Not all sentences are provided with all the metadata information (governorate/age/gender). You can find '/' in place of the metadata, it means that the users didn't published this information.
The governorate names are encoded following the French orhographical conventions and are: Ariana, Béja, Sousse, Bizerte, Gabès, Nabeul, Jendouba, Kairouan, Zaghouan, Kebili, El Kef, Mahdia, Manouba, Medenine, Monastir, Gafsa, Sfax, Sidi Bouzid, Siliana, Ben Arous, Tataouine, Tozeur, Tunis, Kasserine.
Any user personal information has been anonymized by covering it with the token:
m5abbi+id number
The Tunisian word 'm5abbi' means 'covered', correspond to the CODAfied token 'مخبّي' and the PoS-tag: 'NOUN_PROP'.
If you want to use this data with the Multi-Task Sequence Prediction System, you should remove the header and extract the columns that you need, depending on process that you want to perform.
The lemmatization layer is coming, as is a distribution of the data in Excel format.
Attribution 4.0 International (CC BY-NC-SA 4.0)
Please cite this work as:
@inproceedings{gugliotta-etal-wanlp2020,
title={Multi-Task Sequence Prediction For Tunisian Arabizi Multi-Level Annotation},
author={Gugliotta, Elisa and Dinarelli, Marco and Kraif, Olivier},
booktitle={The Fifth Arabic Natural Language Processing Workshop (WANLP)},
year={2020},
}
[1] Fourati, C. et al., (2020).
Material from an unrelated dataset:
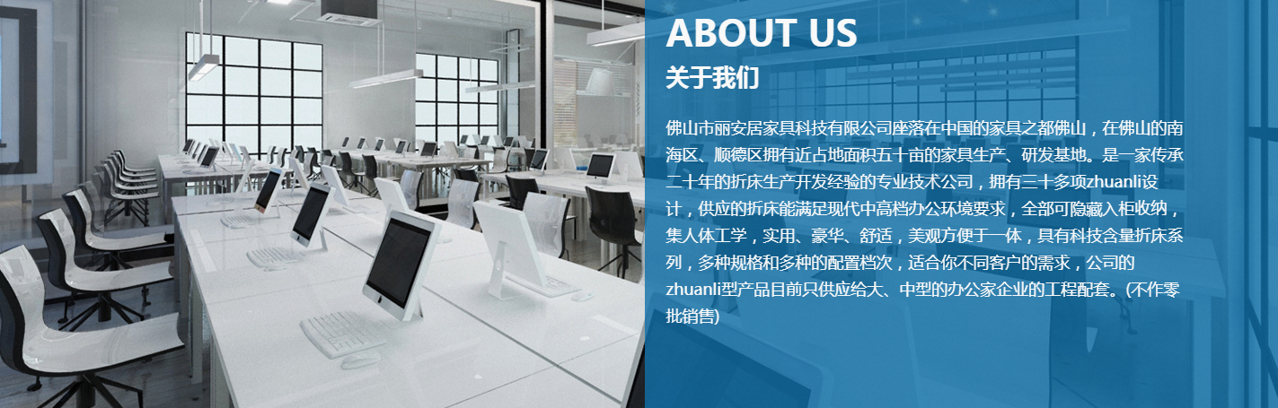 佛山市麗安居家具科技有限公司座落在家具之都佛山,在佛山的南海區、順德區擁有近占地面積五十畝的家具生產、研發基地。是一家傳承二十年的折床生產開發經驗的專業技術公司,擁有三十多項zhuanli設計,供應的折床能滿足現代辦公環境要求,全部可隱藏入柜收納,集人體工學,實用、豪華、舒適,美觀方便于一體,具有科技含量折床系列,多種規格和多種的配置檔次,適合你不同客戶的需求,公司的zhuanli型產品目前只供應給大、中型的辦公家企業的工程配套。(不作零批銷售)

TUNIZI: a Tunisian Arabizi sentiment analysis Dataset. arXiv preprint arXiv:2004.14303.
[2] Gugliotta, E. & Dinarelli, M. (2020, May). TArC: Incrementally and Semi-Automatically Collecting a Tunisian Arabish Corpus. In Proceedings of The 12th Language Resources and Evaluation Conference (pp. 6279-6286).
[3] Gugliotta, E. et al., (2020). Multi-Task Sequence Prediction For Tunisian Arabizi Multi-Level Annotation. Accepted for The Fifth Arabic Natural Language Processing Workshop (WANLP) 2020. Forthcoming.
[4] Habash, N. et al., (2012, May). Conventional Orthography for Dialectal Arabic. In Proceedings of The Language Resources and Evaluation Conference (pp. 711-718).
[5] Maamouri, M. et al., (2009). Penn Arabic Treebank guidelines v4.
[6] Younes, J., et al., (2015, June). Constructing linguistic resources for the Tunisian dialect using textual user-generated contents on the social web. In International Conference on Web Engineering (pp. 3-14). Springer, Cham.